The emphasis in the stories that inform Biska: is on the legendary realm where the supernatural once made contact with Bhaktapur—at a particular moment of real historical time and at a point of earthly space—for the purposes of locating or ordering that city. The events of the legends happened only once, although they must be repeatedly memorialized. In Mohani the explanatory stories of the central narrative take place within a thoroughly transcendent and timeless mythic realm—with no relation to terrestrial time and space—where a battle is taking place in which the city must actively and magically participate each year, over and over again. The presence and force of the "supernatural" is quite different in the two structural focal festivals.
8. Rhetoric.
We are concerned everywhere in this study with those aspects of symbolic form in Bhaktapur that are presumably significant to its citizens. It is not enough for such forms to be meaningful, they must also be engaging . For this a sort of rhetoric of symbolic form is necessary. We have noted some miscellaneous engaging devices: the advertised mystery of the Jaki Gwa and the whereabouts of the "true" Bhairava jatra image, the ambiguity and psychic resonances stirred by the princess whose nose (or vagina) hides snakes, the hesitation between sex and aggression in the ambiguous banging together of Bhairava and Bhadrakali[*] , and the fascination of watching the major figures in the hierarchical order symbolized by themselves. To jeopardize the symbol of a king is one thing; to jeopardize the king himself is something more.

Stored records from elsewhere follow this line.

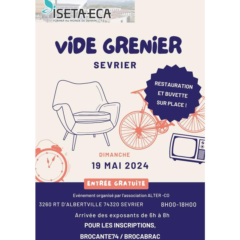 Vide grenier à sevrier , organisé par l'association alter-co, ouvert au public de 8h à 18h, restauration sur place
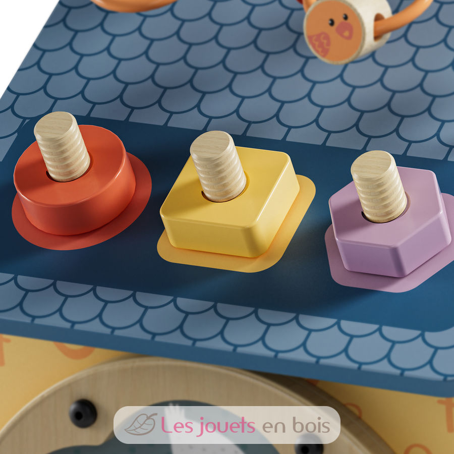 Das lustige Activity Haus vereint 12 verschiedene Spielmöglichkeiten zur spielerischen Förderung der Feinmotorik und Konzentrationsfähigkeit in einem.
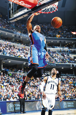 雷霆队赢得较为轻松,客场以104:84大胜孟菲斯灰熊队。头号球星杜兰特在这场比赛前受到了俄克拉荷马当地报纸的质疑,后者在头条位置将他称作“不稳定先生”,不过“阿杜”本场用36分和10个篮板的数据做出了回应。
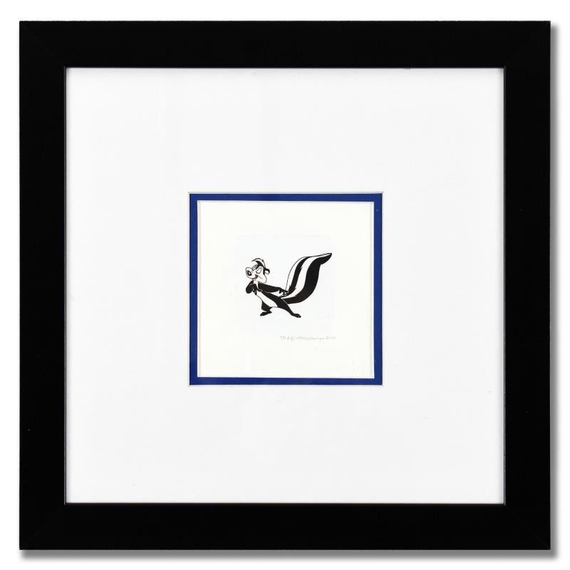 "Pepe le Pew" is a limited edition etching on paper with hand-tinted coloring from Warner Bros, numbered and dated 1999. This piece comes framed. Measures approximately 14" x 14" (frame), 2.5" x 2.5" (image).
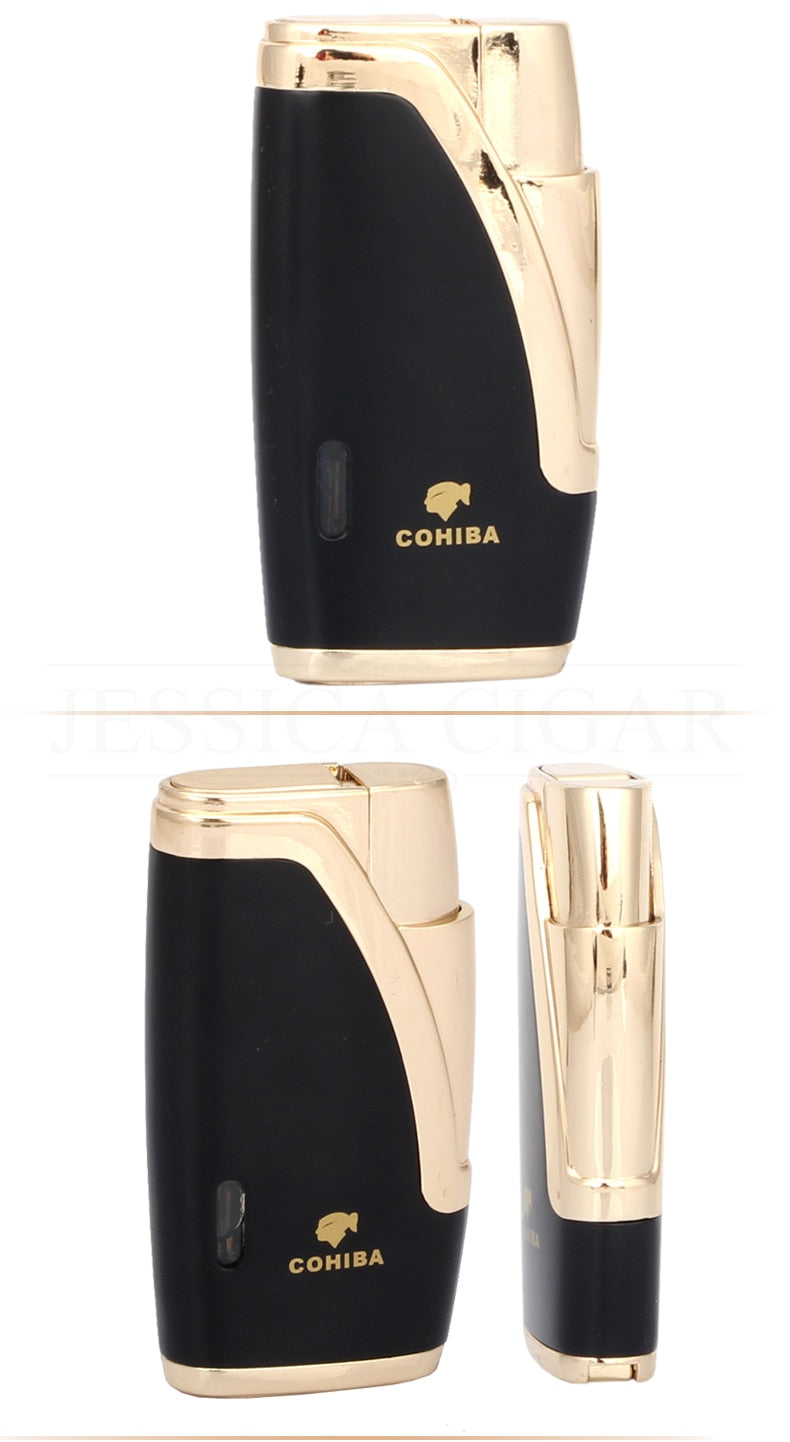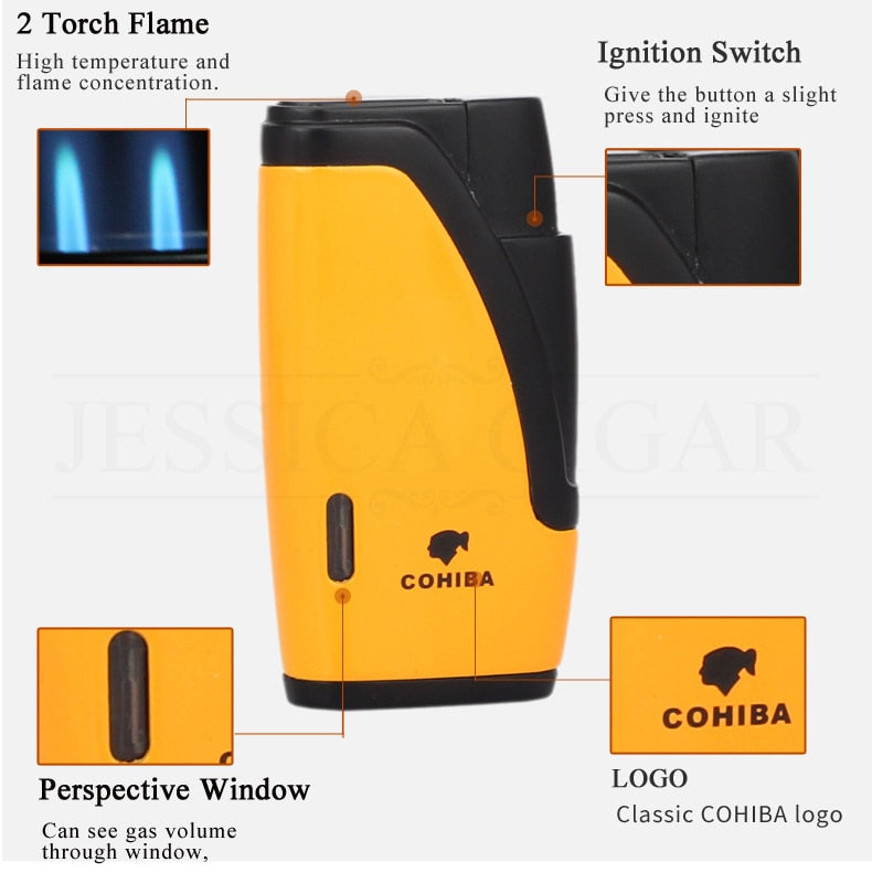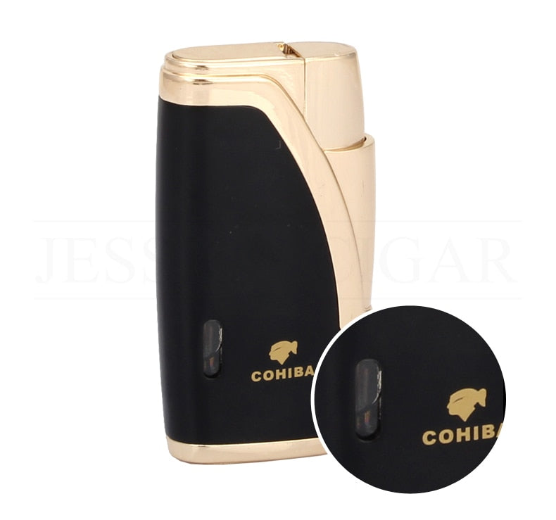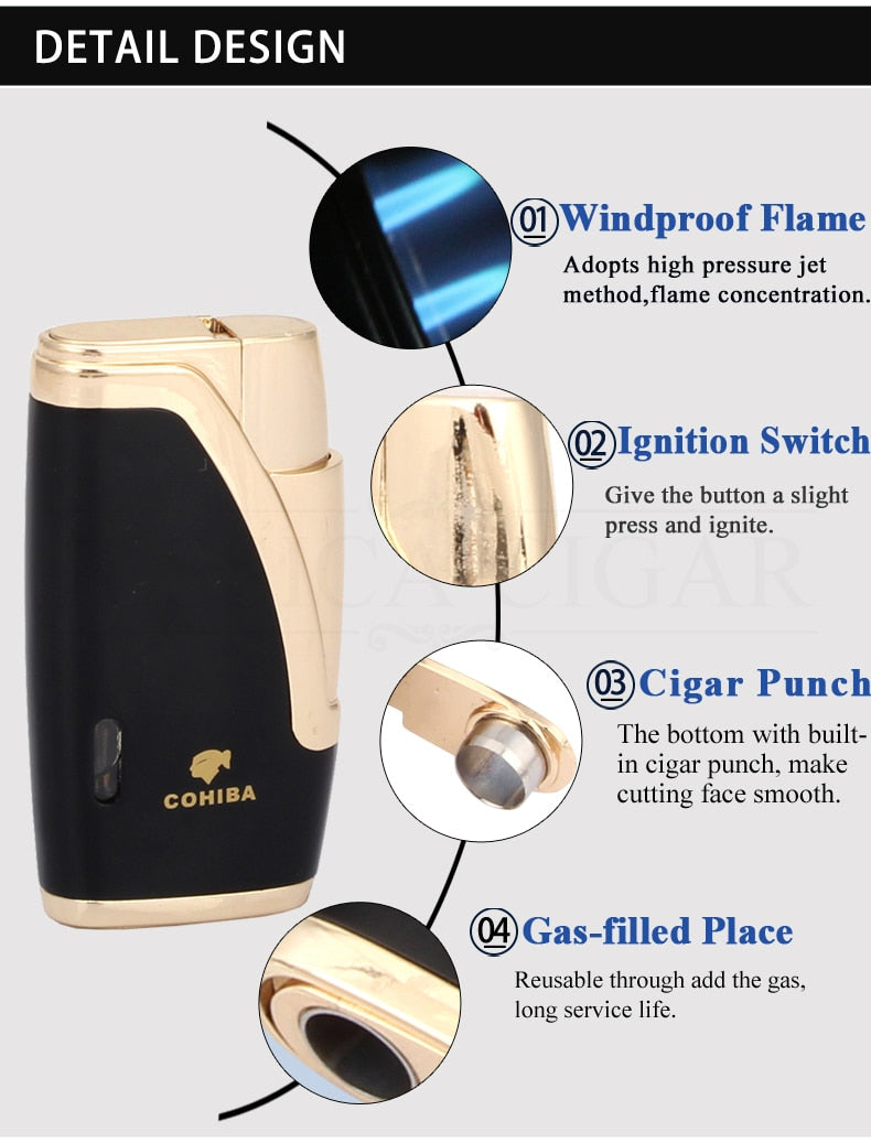 COHIBA CIGAR LIGHTER – 2 TORCH JET FLAME REFILLABLE WINDPROOF LIGHTER W/ CUTTER PUNCH & GIFT BOX

One of the sources of the fascination of Biska: for the participants and, often the onlookers, is that it involves real risk. In its symbolization of conflict a movement can always occur, a breakdown, into real physical and social danger. Here marked symbolism is m danger of collapsing into real life.
9. The message.
It is possible to tease out of the drama or dramas of the city's various complex symbolic enactments, a task simplified somewhat when they are compared with each other, something like a central import or message, a message that is simple and redundantly presented. For Biska: this seems to be something like this: admire and
celebrate the civic order. That order may momentarily and frighteningly sway and lurch, but when the city works together—or refrains, really, from not working together, for the task is not difficult—and accepts the traditional directives of the mesocosmic order, it will all hold together; the space and personnel of the city will remain unified both in itself and in relation to the pulse of annual cyclical time. The main danger to civic order, in Biska:'s main narrative, and in contrast to other narratives, is civic strife, the danger of something going awry in the balance of those human forces that constitute the city.
Other aspects of disorder, those beyond the moral sphere of the city, are alluded to in Biska:'s legends. But Biska: in itself is not centrally concerned with them. That is the concern of the Devi cycle.